## Directions
Reproduce everything from the line that contains "This image shows" down to the line that contains "Spor Toto Süper" in the listing below, word for word and nothing more. Leave the pictures out.

## Records for processing
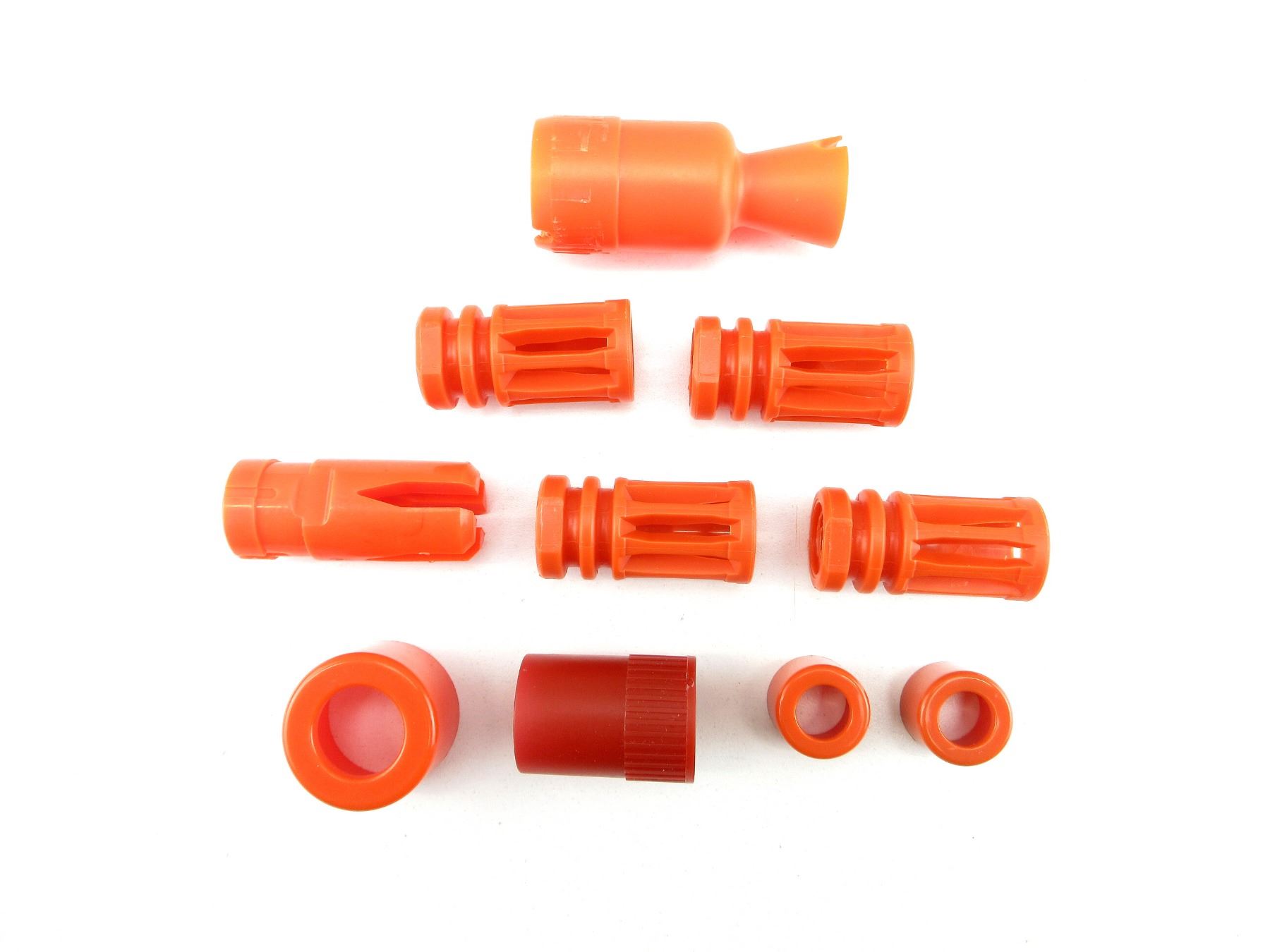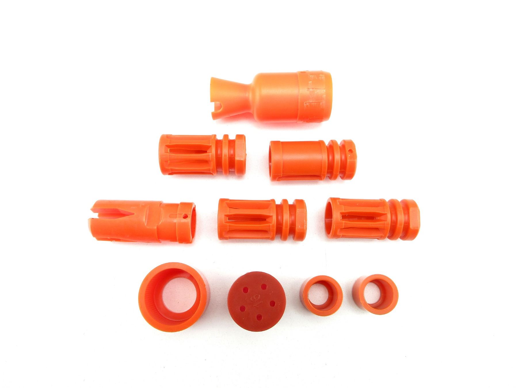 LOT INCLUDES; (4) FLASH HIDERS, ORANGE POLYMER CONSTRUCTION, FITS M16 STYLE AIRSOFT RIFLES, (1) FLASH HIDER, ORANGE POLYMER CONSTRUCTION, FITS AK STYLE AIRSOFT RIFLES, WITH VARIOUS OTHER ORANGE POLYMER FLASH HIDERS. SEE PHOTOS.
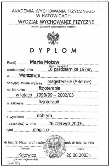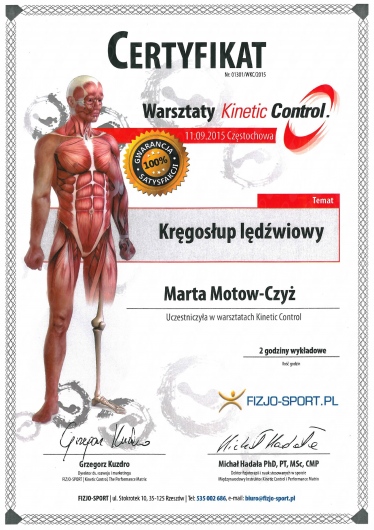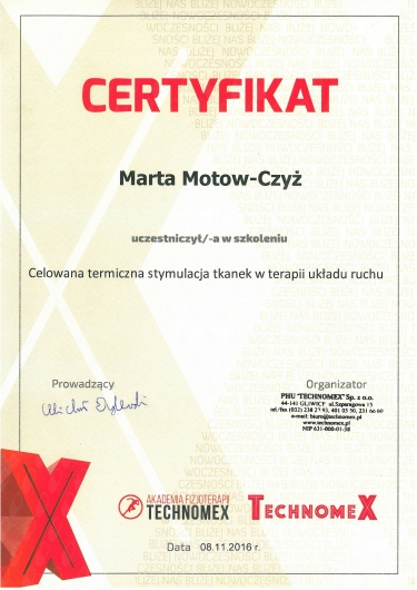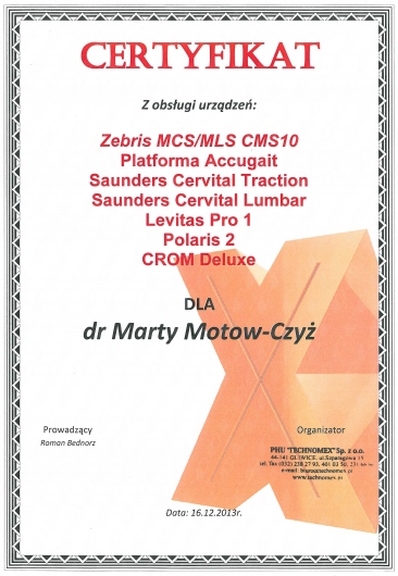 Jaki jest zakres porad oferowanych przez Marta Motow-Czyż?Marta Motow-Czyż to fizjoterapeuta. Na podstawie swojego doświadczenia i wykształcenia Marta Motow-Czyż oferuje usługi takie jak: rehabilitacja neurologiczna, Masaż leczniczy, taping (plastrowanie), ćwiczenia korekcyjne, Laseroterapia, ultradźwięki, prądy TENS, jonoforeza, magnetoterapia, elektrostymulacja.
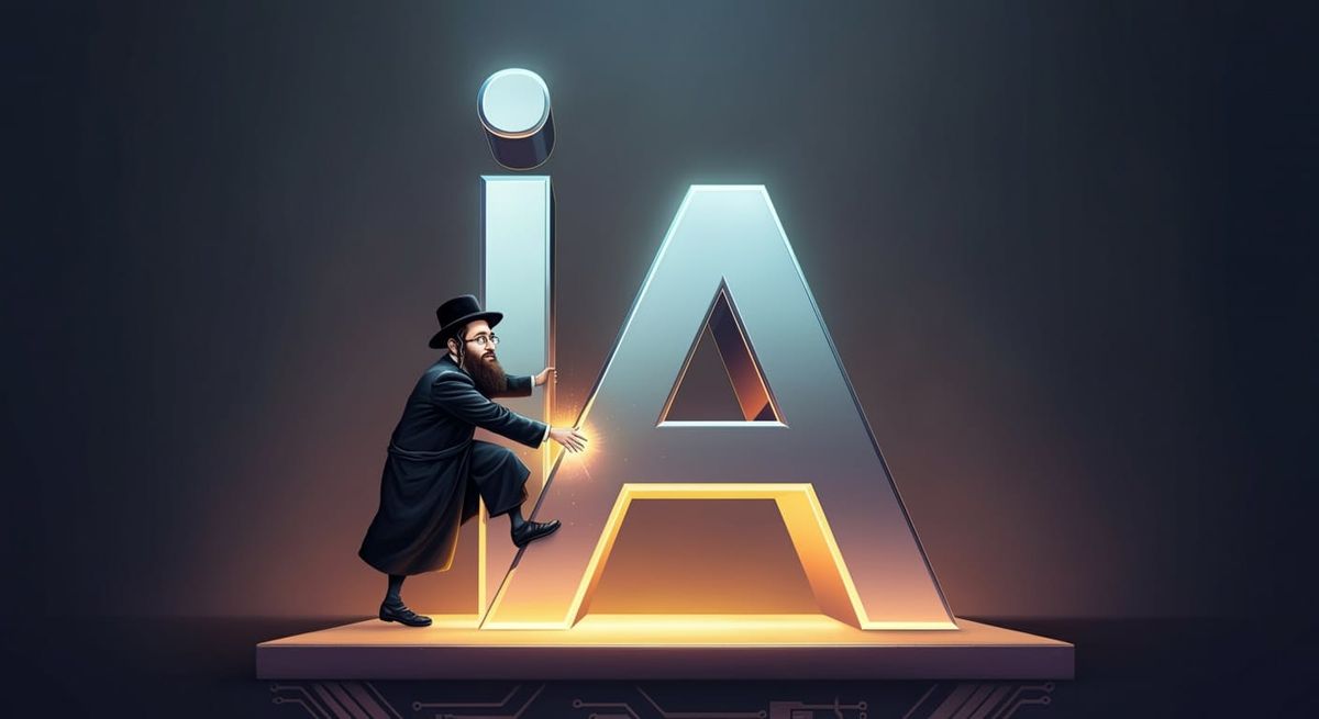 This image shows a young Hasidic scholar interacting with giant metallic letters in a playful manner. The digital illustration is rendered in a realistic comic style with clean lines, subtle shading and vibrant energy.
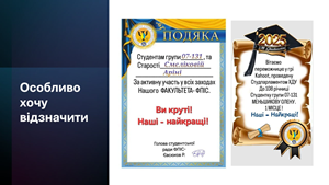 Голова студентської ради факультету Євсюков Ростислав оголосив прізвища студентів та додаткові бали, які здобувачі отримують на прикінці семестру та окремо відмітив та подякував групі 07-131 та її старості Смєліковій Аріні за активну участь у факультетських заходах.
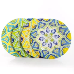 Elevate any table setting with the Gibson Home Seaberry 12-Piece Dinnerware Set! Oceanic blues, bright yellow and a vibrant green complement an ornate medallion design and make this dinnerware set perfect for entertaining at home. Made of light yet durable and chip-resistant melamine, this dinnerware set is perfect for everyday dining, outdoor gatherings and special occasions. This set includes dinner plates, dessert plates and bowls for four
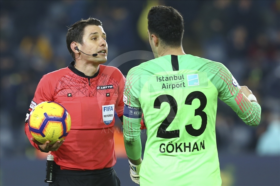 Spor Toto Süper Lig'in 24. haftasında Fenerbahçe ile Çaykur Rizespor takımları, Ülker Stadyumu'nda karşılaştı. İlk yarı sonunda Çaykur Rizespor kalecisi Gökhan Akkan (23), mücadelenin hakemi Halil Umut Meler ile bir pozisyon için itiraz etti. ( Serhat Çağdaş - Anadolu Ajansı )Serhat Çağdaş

...

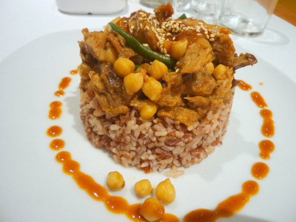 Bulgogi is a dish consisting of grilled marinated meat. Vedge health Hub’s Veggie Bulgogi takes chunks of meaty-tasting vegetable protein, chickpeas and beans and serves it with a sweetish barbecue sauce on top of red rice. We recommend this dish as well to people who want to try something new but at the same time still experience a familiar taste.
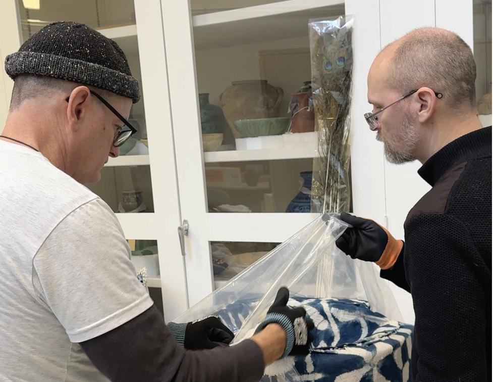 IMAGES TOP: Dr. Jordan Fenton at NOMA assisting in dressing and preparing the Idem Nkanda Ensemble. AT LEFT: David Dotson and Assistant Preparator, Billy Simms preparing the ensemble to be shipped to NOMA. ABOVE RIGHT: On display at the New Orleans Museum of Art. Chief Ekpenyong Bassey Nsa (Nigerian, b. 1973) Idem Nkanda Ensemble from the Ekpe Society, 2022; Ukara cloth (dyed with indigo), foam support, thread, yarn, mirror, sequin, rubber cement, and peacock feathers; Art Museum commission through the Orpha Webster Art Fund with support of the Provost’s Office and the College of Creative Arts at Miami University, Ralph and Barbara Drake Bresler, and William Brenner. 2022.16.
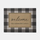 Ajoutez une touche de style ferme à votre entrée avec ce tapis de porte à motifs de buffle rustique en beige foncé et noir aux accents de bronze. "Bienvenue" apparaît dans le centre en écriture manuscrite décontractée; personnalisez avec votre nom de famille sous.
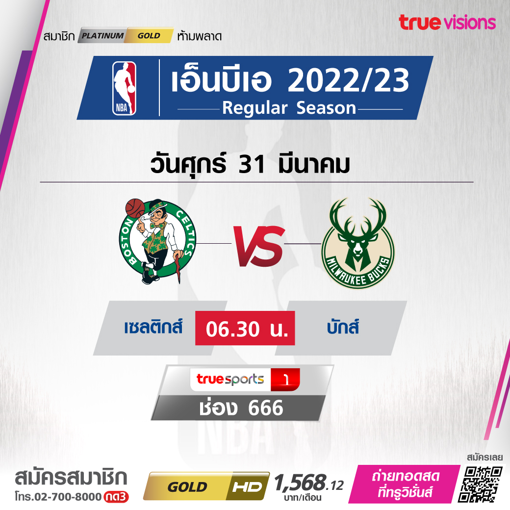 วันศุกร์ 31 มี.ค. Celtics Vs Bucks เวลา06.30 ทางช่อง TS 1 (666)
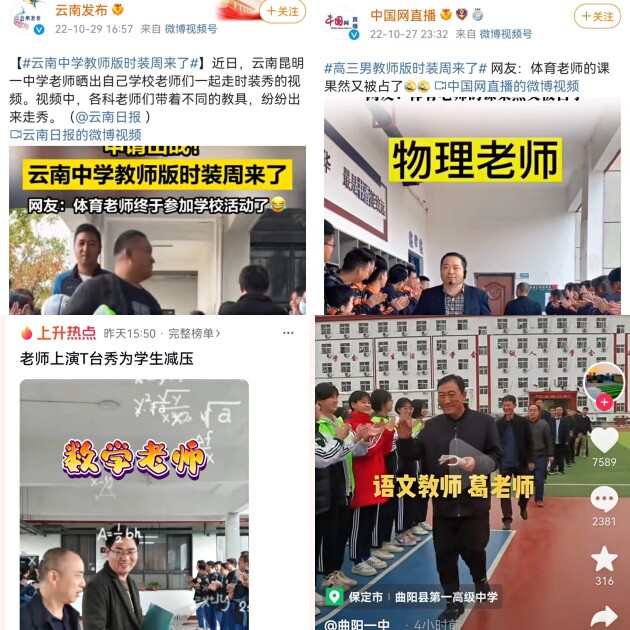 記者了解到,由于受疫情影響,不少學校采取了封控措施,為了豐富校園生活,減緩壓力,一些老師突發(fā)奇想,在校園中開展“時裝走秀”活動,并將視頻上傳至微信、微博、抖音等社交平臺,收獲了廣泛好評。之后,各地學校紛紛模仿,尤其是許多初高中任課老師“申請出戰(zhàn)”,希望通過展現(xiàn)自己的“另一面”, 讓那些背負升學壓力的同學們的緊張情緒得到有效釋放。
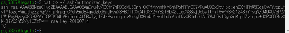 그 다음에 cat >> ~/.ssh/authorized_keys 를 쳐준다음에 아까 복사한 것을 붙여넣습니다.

## Solution to this task
 This image shows a young Hasidic scholar interacting with giant metallic letters in a playful manner. The digital illustration is rendered in a realistic comic style with clean lines, subtle shading and vibrant energy.
 Голова студентської ради факультету Євсюков Ростислав оголосив прізвища студентів та додаткові бали, які здобувачі отримують на прикінці семестру та окремо відмітив та подякував групі 07-131 та її старості Смєліковій Аріні за активну участь у факультетських заходах.
 Elevate any table setting with the Gibson Home Seaberry 12-Piece Dinnerware Set! Oceanic blues, bright yellow and a vibrant green complement an ornate medallion design and make this dinnerware set perfect for entertaining at home. Made of light yet durable and chip-resistant melamine, this dinnerware set is perfect for everyday dining, outdoor gatherings and special occasions. This set includes dinner plates, dessert plates and bowls for four
 Spor Toto Süper Lig'in 24. haftasında Fenerbahçe ile Çaykur Rizespor takımları, Ülker Stadyumu'nda karşılaştı. İlk yarı sonunda Çaykur Rizespor kalecisi Gökhan Akkan (23), mücadelenin hakemi Halil Umut Meler ile bir pozisyon için itiraz etti. ( Serhat Çağdaş - Anadolu Ajansı )Serhat Çağdaş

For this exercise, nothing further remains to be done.